SQL Server Parallelism Overview

By: Pablo Echeverria | Comments | Related: > Database Configurations

Problem

In this tip we’re going describe what parallelism is, the benefits, and how to take advantage of parallelism in SQL Server with some examples.

Solution

To define parallelism, there are some basic concepts we need to define:

Throughput: The number of tasks completed per unit of time. If you have a 2-seat car (excluding the driver) that travels at 150 MPH, and a 40-seat bus (excluding the driver) that travels at 50 MPH, the car is 3x faster but in a 150-mile trip for 3 hours the bus can deliver 10x more people than the car, or if we wait for the car to deliver 40 people it takes 13x more time than the bus.
Thread: One independent path of execution through the code. The number of simultaneous active threads is up to the number of CPU’s or cores. Note that not all threads have to follow the same path, but the throughput increases if they do.
Multithreading/multiprocessing: The ability to execute multiple processes simultaneously. If you have a color printer, it would be cumbersome if you need to print one color at a time, times the number of pages.
Automation: If a machine can do a task, there’s no need for you to force it working in a specific way. If you have a 4-helix airplane, it's nonsense that you iterate through each spin for each one of the helixes must make. Even if it will eventually move the plane, the plane will never take off.

Parallelism can be defined as achieving better throughput by the execution of multiple threads at the same time or the automation of tasks. It is achieved by keeping the hardware busy using a lot of threads, processing multiple items per thread, and/or performing multiple operations with the same data already in memory. By keeping the hardware busy, threads spend less time waiting on a resource that is unavailable at that moment and being forced to switch context. This is better explained in the article fully utilize all bottlenecks, from where the image below is from:

Queues as buffers between parallel working threads

The benefits of implementing parallelism are:

We can solve larger problems or solve more problems in less time. Usually you end up having less operations performed, or the same number of operations, but with less steps.

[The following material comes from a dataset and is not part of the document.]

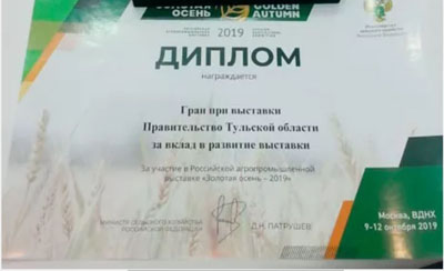 Тульская область удостоена высшей награды агропромышленной выставки «Золотая осень»

Get a return on your investment. If you’re doing serial programming on a 4-CPU computer, the other three CPU’s are consuming power and generating heat without being needed nor used. Also, the SQL Server license is per-core, so its better if you’re using the cores for which you paid a license for.
Increase the computing power beyond the local resources. There’s no need to have centralized software that monitors all the servers (and consuming all network bandwidth and CPU in the run) if each server can monitor itself and send alerts when appropriate consuming its local network bandwidth and CPU. And there are algorithms that can be parallelized and distributed among multiple CPU’s and/or nodes in a network. Examples of this are multi-server queries, multi-server jobs, machine learning server and GPU acceleration.

Note that parallelism is helpful for people in all IT levels:

For managers, it helps them decide on which software to purchase, based on its capacity and computations per cycle.
For infrastructure support, it helps them recommend the best hardware based on their characteristics and configure the virtual machines and operating systems in a way that utilizes the resources correctly.
For database administrators, it helps them configure the database servers in a way that performs better with the existing hardware and software that is already in place.
For developers, it helps them create programs that utilize fully and correctly the existing hardware.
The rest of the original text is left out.